Objective: To assess whether the risk for nonsentinel node metastases may be predicted, thus sparing a subgroup of patients with breast carcinoma and a positive sentinel lymph node (SLN) biopsy completion axillary lymph node dissection (ALND).
Summary background data: The SLN is the only involved axillary lymph node in the majority of the patients undergoing ALND for a positive SLN biopsy. A model to predict the status of nonsentinel axillary lymph nodes could help tailor surgical therapy to those patients most likely to benefit from completion ALND.
Methods: All the axillary sentinel and nonsentinel lymph nodes of 1228 patients were reviewed histologically and reclassified according to the current TNM classification of malignant tumors as bearing isolated tumor cells only, micrometastases, or (macro)metastases. The prevalence of metastases in nonsentinel lymph nodes was correlated to the type of SLN involvement and the size of the metastasis, the number of affected SLNs, and the prospectively collected clinicopathologic variables of the primary tumors.

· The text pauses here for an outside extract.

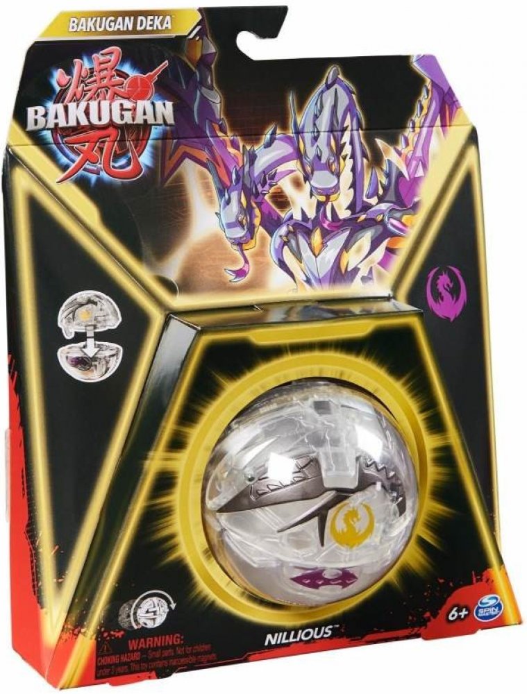 Užijte si svou oblíbenou hračku Bakugan ve větší velikosti. Vytvářejte různé kombinace a bojujte, abyste uvolnili sílu Deka Bakuganů, větších verzí nových oblíbených postaviček Bakuganů z nového seriálového hitu (nyní na NETFLIXU)! Prostě nasaďte horní část postavy na její spodní polovinu a připravte se vyslat je do akce. Bakugana můžete převalit na kartu brány a sledovat jeho proměnu pomocí legendárních otevíracích transformací. Bakugan přináší nové i známé postavy, úžasné detaily a nové klany Bakuganů pro úžasné vyprávění příběhů a strategické bitvy stejně jako v seriálu na NETFLIXU. Každá sada Bakugan obsahuje speciální kód, který lze použít v online hře Roblox pro nové způsoby hraní a interakce. Teď se navíc můžete vrhnout do další bitvy a využít nové možnosti hry díky Bakuganovi se speciálním útokem (prodává se samostatně). Přidejte všechny zbrusu nové hračky Bakugan včetně speciálních útoků a startovních balíčků (každý se prodává samostatně) mezi své oblíbené sběratelské předměty a sestavte si elitní tým. Použijte Baku-tin (prodává se zvlášť) jako dokonalý úložný prostor na Bakugany, než nastane další bitva bojovníků Bakugan. Zapojte se do zábavy a dobrodružství se zbrusu novou hrou Deka Bakugan.

Results: In multivariate analysis, further axillary involvement was significantly associated with the type and size of SLN metastases, the number of affected SLNs, and the occurrence of peritumoral vascular invasion in the primary tumor. A predictive model based on the characteristics most strongly associated with nonsentinel node metastases was able to identify subgroups of patients at significantly different risk for further axillary involvement.
Conclusions: Patients with the most favorable combination of predictive factors still have no less than 13% risk for nonsentinel lymph node metastases and should be offered completion ALND outside of clinical trials of SLN biopsy without back-up axillary clearing.